━━ DATA SUPPLIED ━━

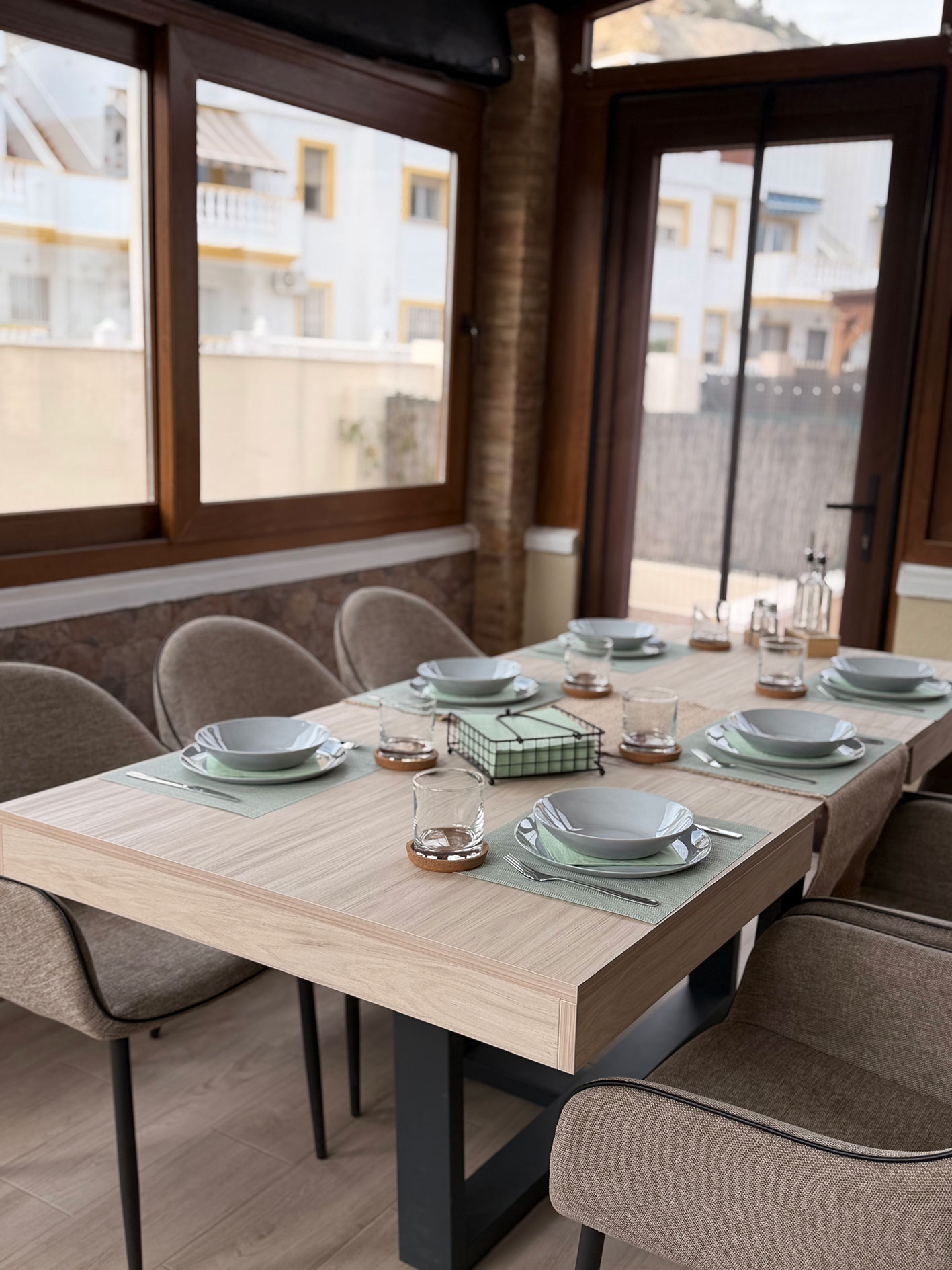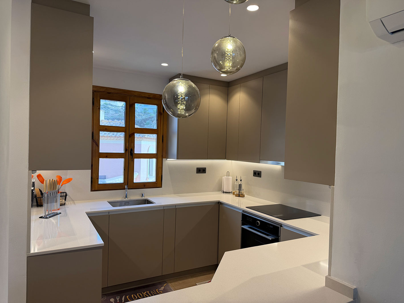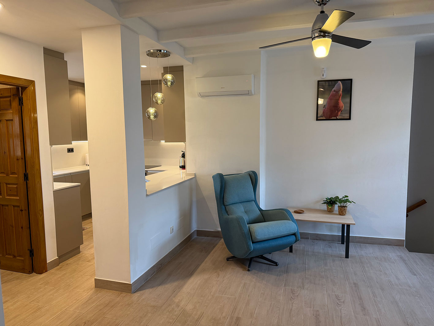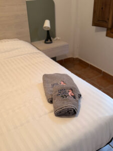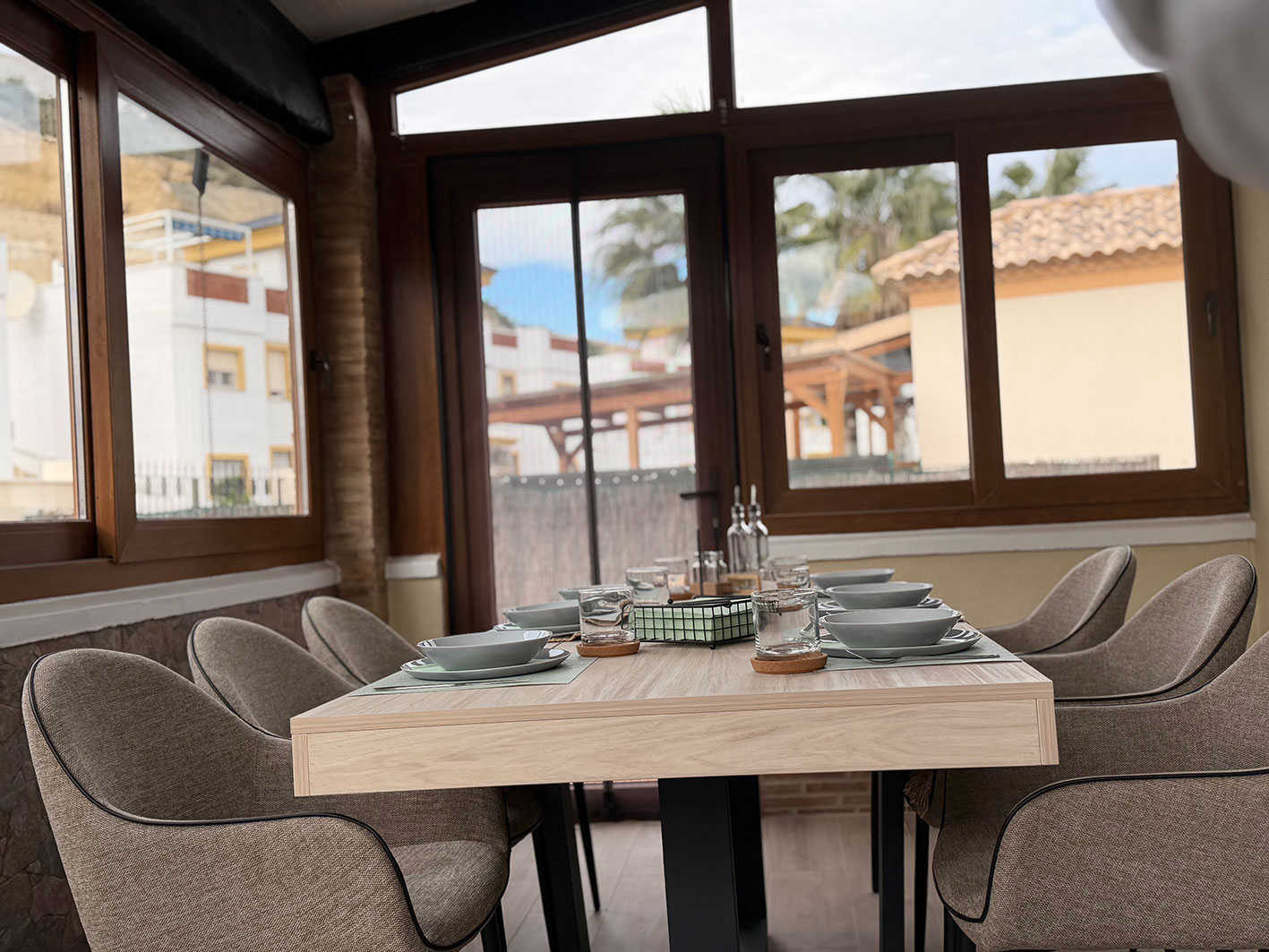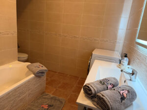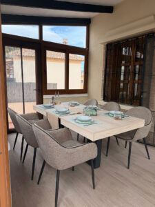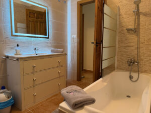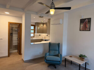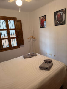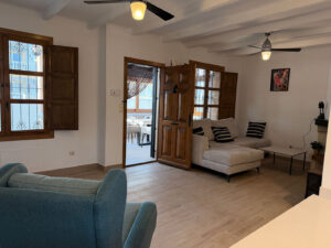 Binnen is de woning volledig uitgerust en voorzien van airconditioning in alle ruimtes. De volledig ingerichte keuken beschikt over een koelkast, diepvries, oven, kookplaat, koffiemachine en waterkoker, en is ingericht voor 6 personen. De gezellige woonruimte is voorzien van een tv met alle zenders en gratis wifi.
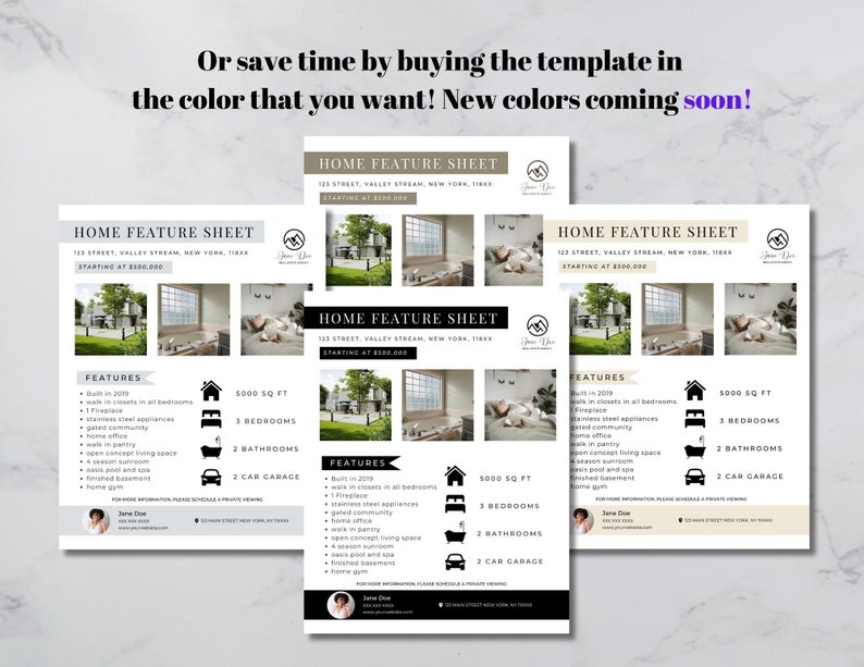 Real Estate Home Feature Sheet Bundle Template, Real Estate Marketing ...
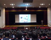 4月講堂朝礼が行われ、1年生に講堂朝礼の所作を確認しながら進行しました。講話では、目白警察署生活安全課の方より、防犯に有効な知識を教えていただきました。有害サイト等への書き込みにより身に降りかかる危険な一面を映像で確認しました。また、痴漢から身を守る護身術も教えていただきました。頭の片隅にとどめておきたい電車やエレベーター内での防御法がいくつもありました。 |
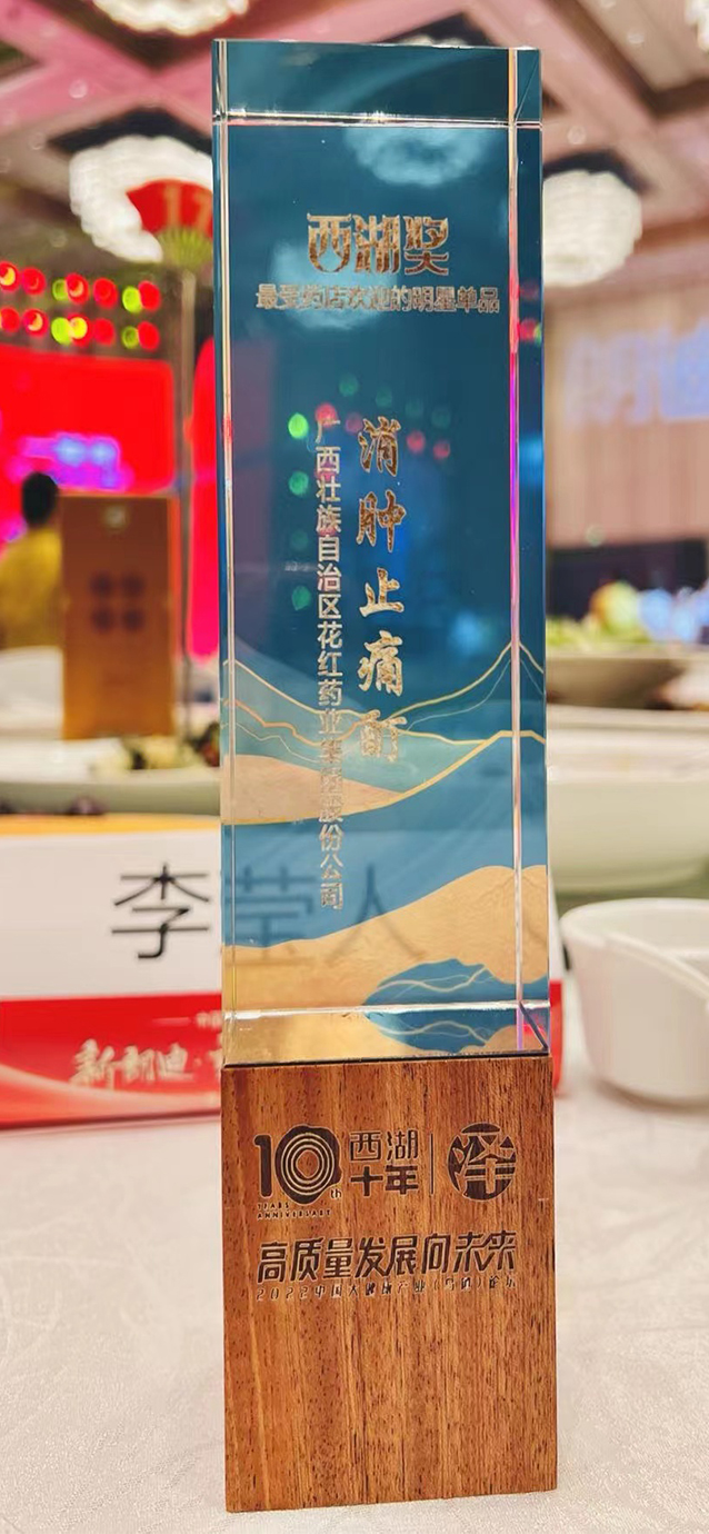 2023/04 : 花红片、消肿止痛酊再获 “西湖奖·最受药店欢迎明星单品”。
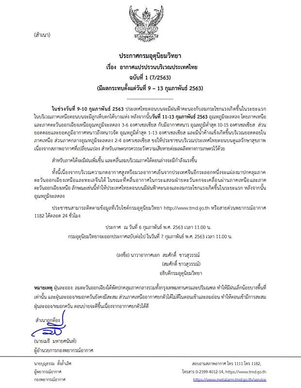 กรมอุตุฯ / วันที่ 6 ก.พ. ประกาศ กรมอุตุนิยมวิทยา "อากาศแปรปรวนบริเวณประเทศไทย(มีผลกระทบตั้งแต่วันที่ 9-13 กุมภาพันธ์ 2563)" ฉบับที่ 1 ลงวันที่ 6 กุมภาพันธ์ 2563 ในช่วงวันที่ 9-10 กุมภาพันธ์ 2563 ประเทศไทยตอนบนจะมีฝนฟ้าคะนองกับลมกระโชกแรงเกิดขึ้นในระยะแรก ในบริเวณภาคเหนือตอนบนจะมีลูกเห็บตกได้บางแห่ง หลังจากนั้นวันที่ 11-13 กุมภาพันธ์ 2563 อุณหภูมิจะลดลง โดยภาคเหนือและภาคตะวันออกเฉียงเหนืออุณหภูมิจะลดลง 3-6 องศาเซลเซียส กับมีอากาศหนาว อุณหภูมิต่ำสุด 10-15 องศาเซลเซียส
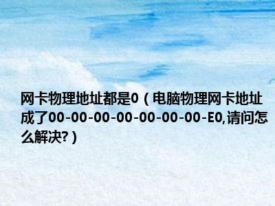 相信目前很多小伙伴对于电脑物理网卡地址成了00-00-00-00-00-00-00-E0,请问怎么解决?都比较感兴趣,那么小编今天在网上也是收集了一些与电脑物理网卡地址成了00-00-00-00-00-00-00-E0,请问怎么解决?相关的信息来分享给大家,希望能够帮助到大家哦。
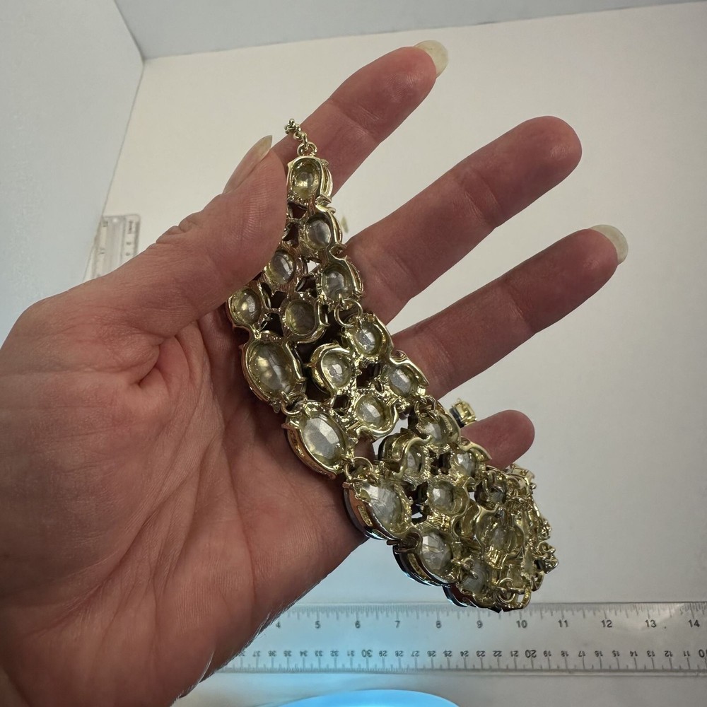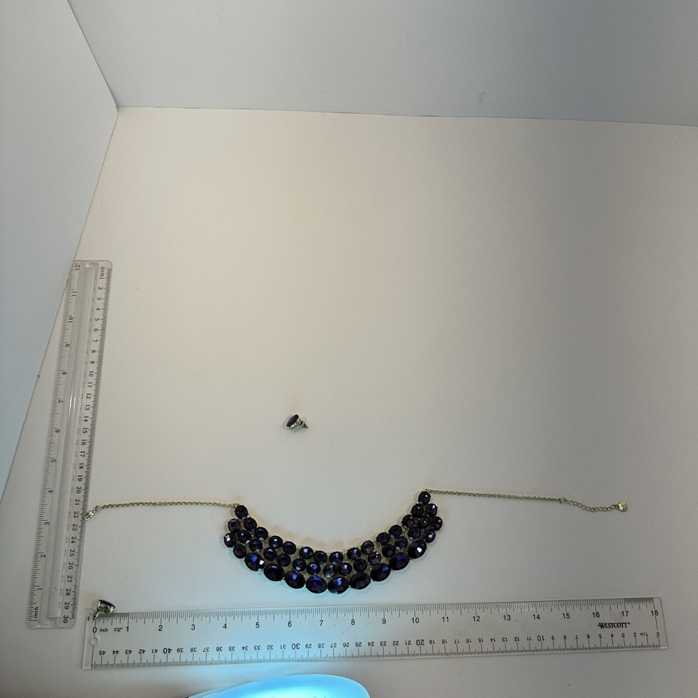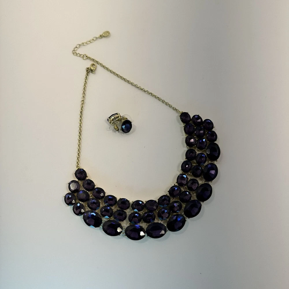 Elegant jewelry set with bold purple stones, suitable for upscale events. Features a gold-plated finish for added sophistication. • Adjustable chain clasp for a secure fit • Matching ring included, adjustable • Lightweight for comfortable wear • High-quality faceted stones for sparkle Necklace length = 18 inches Good condition.
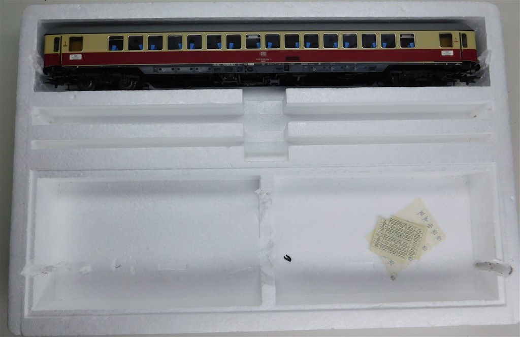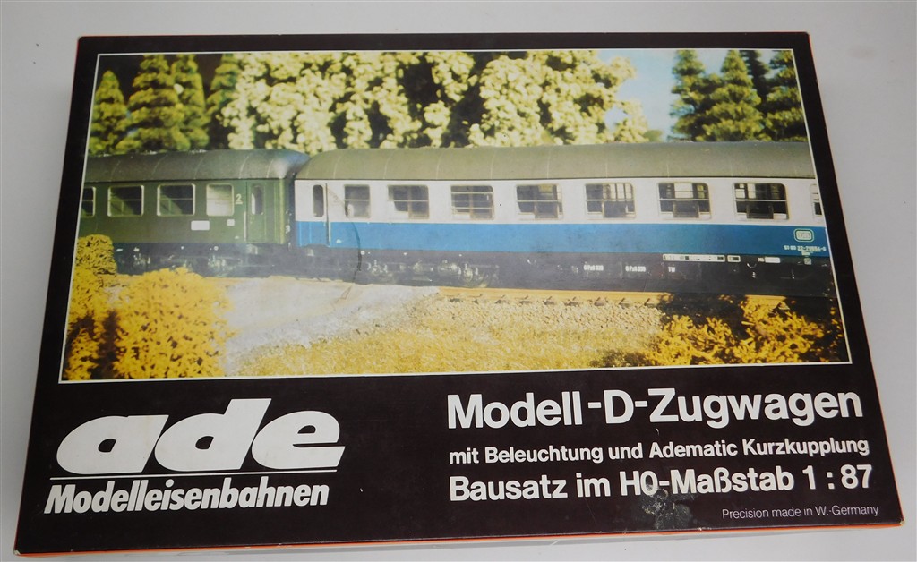 An Ade scale length well detailed high quality German DB InterCity Grossraum coach type Agümh number 61 80-18 80-004-4, in good clean condition, supplied in an incorrect original box. These coaches were made in the early 1970s and feature Willy Ade's own design close coupling mechanisms and coupling pockets which inspired the later NEM 362 standard but which are different, so couplings will need to be adapted to work with other stock.

━━━

◆ YOUR OBJECTIVE ◆
Could you please write out the entries exactly as they are, with every picture left out?

◆ RESULT OF THE TASK ◆
 Binnen is de woning volledig uitgerust en voorzien van airconditioning in alle ruimtes. De volledig ingerichte keuken beschikt over een koelkast, diepvries, oven, kookplaat, koffiemachine en waterkoker, en is ingericht voor 6 personen. De gezellige woonruimte is voorzien van een tv met alle zenders en gratis wifi.
 Real Estate Home Feature Sheet Bundle Template, Real Estate Marketing ...
 4月講堂朝礼が行われ、1年生に講堂朝礼の所作を確認しながら進行しました。講話では、目白警察署生活安全課の方より、防犯に有効な知識を教えていただきました。有害サイト等への書き込みにより身に降りかかる危険な一面を映像で確認しました。また、痴漢から身を守る護身術も教えていただきました。頭の片隅にとどめておきたい電車やエレベーター内での防御法がいくつもありました。 |
 2023/04 : 花红片、消肿止痛酊再获 “西湖奖·最受药店欢迎明星单品”。
 กรมอุตุฯ / วันที่ 6 ก.พ. ประกาศ กรมอุตุนิยมวิทยา "อากาศแปรปรวนบริเวณประเทศไทย(มีผลกระทบตั้งแต่วันที่ 9-13 กุมภาพันธ์ 2563)" ฉบับที่ 1 ลงวันที่ 6 กุมภาพันธ์ 2563 ในช่วงวันที่ 9-10 กุมภาพันธ์ 2563 ประเทศไทยตอนบนจะมีฝนฟ้าคะนองกับลมกระโชกแรงเกิดขึ้นในระยะแรก ในบริเวณภาคเหนือตอนบนจะมีลูกเห็บตกได้บางแห่ง หลังจากนั้นวันที่ 11-13 กุมภาพันธ์ 2563 อุณหภูมิจะลดลง โดยภาคเหนือและภาคตะวันออกเฉียงเหนืออุณหภูมิจะลดลง 3-6 องศาเซลเซียส กับมีอากาศหนาว อุณหภูมิต่ำสุด 10-15 องศาเซลเซียส
 相信目前很多小伙伴对于电脑物理网卡地址成了00-00-00-00-00-00-00-E0,请问怎么解决?都比较感兴趣,那么小编今天在网上也是收集了一些与电脑物理网卡地址成了00-00-00-00-00-00-00-E0,请问怎么解决?相关的信息来分享给大家,希望能够帮助到大家哦。
 Elegant jewelry set with bold purple stones, suitable for upscale events. Features a gold-plated finish for added sophistication. • Adjustable chain clasp for a secure fit • Matching ring included, adjustable • Lightweight for comfortable wear • High-quality faceted stones for sparkle Necklace length = 18 inches Good condition.
 An Ade scale length well detailed high quality German DB InterCity Grossraum coach type Agümh number 61 80-18 80-004-4, in good clean condition, supplied in an incorrect original box. These coaches were made in the early 1970s and feature Willy Ade's own design close coupling mechanisms and coupling pockets which inspired the later NEM 362 standard but which are different, so couplings will need to be adapted to work with other stock.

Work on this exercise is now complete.